Arabidopsis β1,2-xylosyltransferase: substrate specificity and participation in the plant-specific N-glycosylation pathway.

β1,2-Xylosyltransferase (XYLT) is a plant-specific glycosyltransferase that contributes to the biosynthesis of N-glycoproteins in plants. However, the specificity of XYLT for N-glycans has not yet been completely clarified. To gain insights into the function of XYLT in the plant N-glycosylation pathway, we examined the acceptor substrate specificity of recombinant Arabidopsis XYLT (AtXYLT) using 2-aminopyridine-labeled N-glycans as the substrates and confirmed the N-glycans of Arabidopsis xylt mutant.
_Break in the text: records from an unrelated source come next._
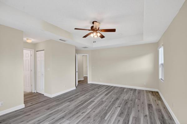 Available immediately experience resort-style living in the prestigious gated community of river bridge. This meticulously updated single-family home offers an ideal blend of comfort, style, and functionality, featuring 3 bedrooms, 2 bathrooms, a 2-car garage, and an extended living area. Upon entry, abundant natural light floods the interior, accentuated by soaring vaulted ceilings and elegant large-format tile flooring throughout. The home boasts high-end lighting fixtures that enhance its sophisticated ambiance. The chef's kitchen is a standout, designed as a spacious open-concept space perfect for entertaining. It is equipped with premium finishes, including stone countertops, stainless steel appliances, and ample cabinetry for storage and preparation. Both bathrooms have been tastefully renovated to modern standards. The two guest bedrooms are generously sized and conveniently share access to the second full bathroom. Bathed in natural light from multiple windows, the master bedroom includes a luxurious ensuite bathroom featuring an oversized separate shower with upscale plumbing fixtures, complemented by a large walk-in closet with custom built-ins. Step outside to your private, screened-in paved patio--an ideal setting for morning coffee or evening relaxation amid peaceful surroundings. Additional conveniences include a full-size laundry room with a utility sink, direct access to the 2-car garage, and attic storage accessible via pull-down ladder. The rent also includes high-speed internet, cable television, lawn maintenance, and full access to the community's exceptional amenities: multiple pools, basketball court, tennis and pickleball courts, shuffleboard, fitness center, and community room. Round-the-clock gated security with 24/7 guard presence provides added peace of mind. Don't miss this exceptional opportunity--schedule your private showing today.
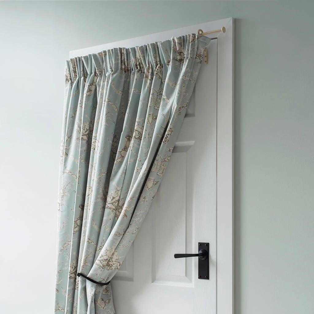 Our button ended portiere rod is designed to open and close with a door so you can hang curtains easily to keep out a draught. Hand crafted from high quality forged iron that is painted Old Ivory for a soft off-white look, the portieres are 12mm thick and made to measure according to what length you require.
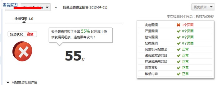 听说,百度又大更新了,在百度眼里,每次更新的时候,会有一份报告,然后说,这是属于哪一个网站的案例被误伤,然后解决掉,于是过了几周,这些网站都被百度稳定住了,然后就慢慢的按照正规的方式做优化即可,可是还是有很多网站都是用自己的方式在做网站,很多时候都不知道为何被百度处理了一下下,这篇文章,就为常见的一些问题带了一些解法吧,希望可以成为最美的光景。 1)网站安全属于第一大点,安全才是最网站的根本 今天在360站长工具中,测试了一下自己的网站安全问题,如图
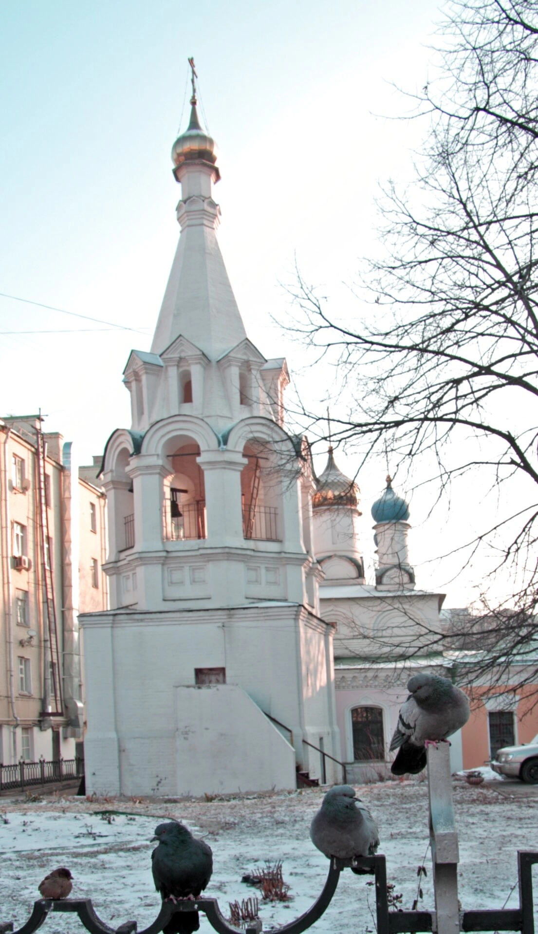 На представленной фотографии запечатлён храм преподобного Феодора Студита, что у Никитских ворот в Москве. Этот старинный православный храм, освящённый в честь византийского монаха-подвижника и церковного деятеля Феодора Студита, является одной из значимых духовных достопримечательностей столицы.
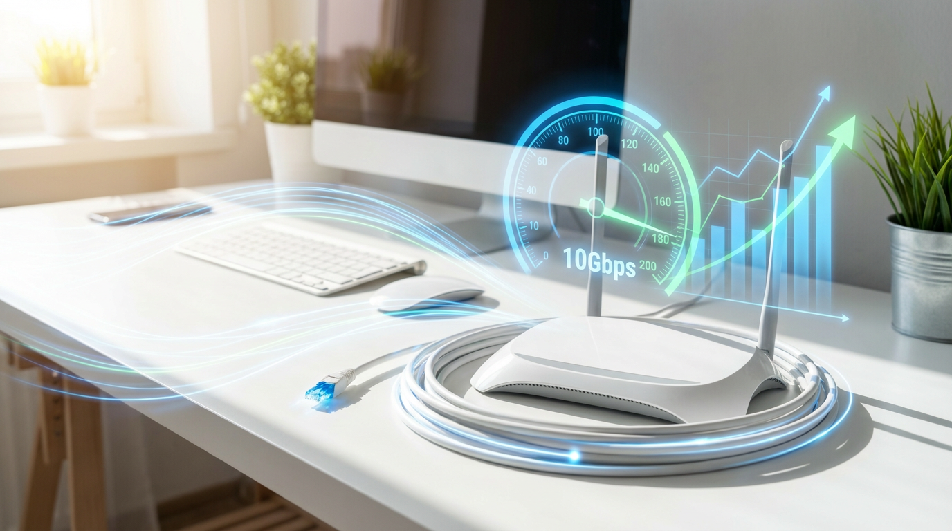 10ギガ回線の性能を活かすには、10ギガ対応のWi-Fiルーターが必要です。一般的な1ギガ対応ルーターでは、10ギガの速度は出ません。

Recombinant AtXYLT expressed in insect cells required the β1,2-linked N-acetylglucosamine (GlcNAc) residue at the nonreducing terminus of the α1,3-branched mannose (Man) residue (GlcNAcβ1,2-Manα1,3-Man; GNM3B) for activity. However, AtXYLT showed decreased activity with substrates that contained α1,3-fucose at the chitobiose core-GlcNAc or a terminal GlcNAc at the α1,6-branched Man residue of GlcNAcβ1,2-Man (GlcNAcβ1,2-Manα1,6-Man; GNM3A), whose ratios were 10% and 50% of the optimal substrate, GNM3B, respectively. Moreover, AtXYLT did not show any activity in the transfer of the Xyl residue to N-glycans that contained a mammalian-type β1,4-linked galactose (Gal) residue at the nonreducing terminus of GlcNAcβ1,2-Man. These results indicate that a β1,2-linked GlcNAc residue at the nonreducing terminus of an α1,3-branched Man residue is necessary for AtXYLT activity and that mammalian-type β1,4-linked Gal residue(s) on the same branch completely inhibit(s) the activity. Furthermore, N-glycan analysis showed that approximately 30% of the N-glycans carry the Xyl residue in the wild type. These findings suggest that AtXYLT acts on protein-bound N-glycans prior to α1,3-fucosyltransferase and mannosidase II in planta.